My Art Room is Not a Hallmark Store

It’s early May, and you’re ready to present an awesome and challenging lesson to your students. However, the classroom teacher drops them off saying, “So you’re making something for them to take home for Mother’s Day today, right?” Um . . . No. If this–or something like it–has happened to you, you know it can be both frustrating and insulting.

My art room is not a Hallmark Store. 


My classroom does not exist to make cutesy trinkets for holiday presents. I have a curriculum! That’s not to say my students have never made things they want to take home and gift to their family or friends. But the products students make in my classroom are not meant to be souvenirs; the motivation and goals behind the work we do is so much more rich and complex.

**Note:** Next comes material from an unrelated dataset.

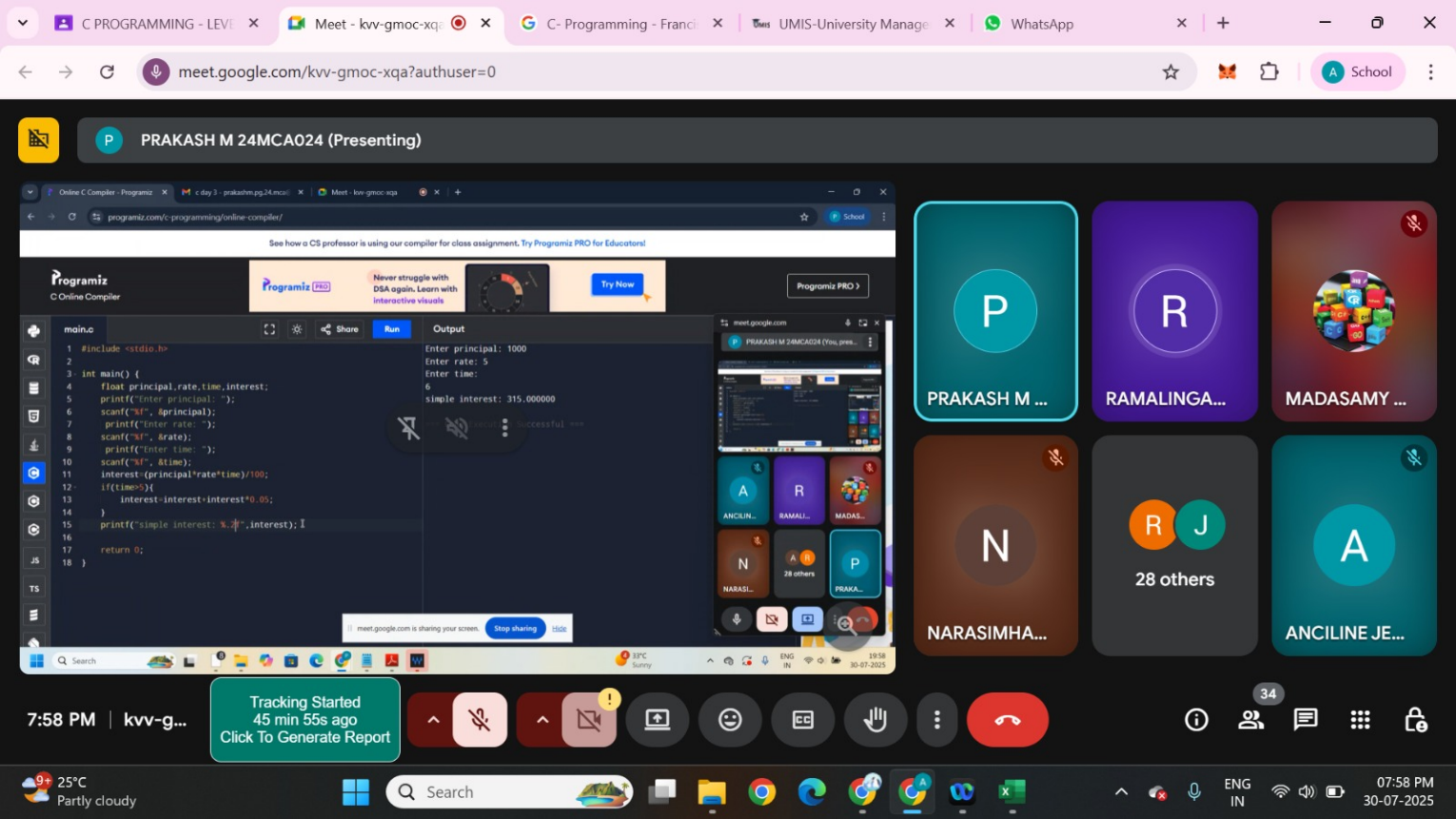Throughout the training, participants actively engaged in the learning process and gained a solid understanding of essential C programming constructs. The sessions emphasized both theoretical knowledge and practical application, helping students build a strong programming foundation.

Deciding how to spend classroom time should originate from learning goals, essential questions derived from your curriculum, and the state and national standards–not from what Dad would like to have on his desk at work.

So, how do you handle this conundrum?

When I started in my district, teachers, students, and parents alike expected gifts to be made in art class for every possible occasion. My initial reaction was shock. Was this really the expectation for art class? Was that all they thought I should be doing? I needed to make a plan to address the issue. I needed a way to preserve the integrity of my art curriculum and incorporate the “gifting” expectations of parents, teachers, and students.

Here is how I appease children and parents without surrendering my entire school year to making presents.

First, for each holiday, I devise a simple craft project that can be done at home. I either print out directions or link them to my school web page. Often, I find videos on YouTube that demonstrate a project step by step.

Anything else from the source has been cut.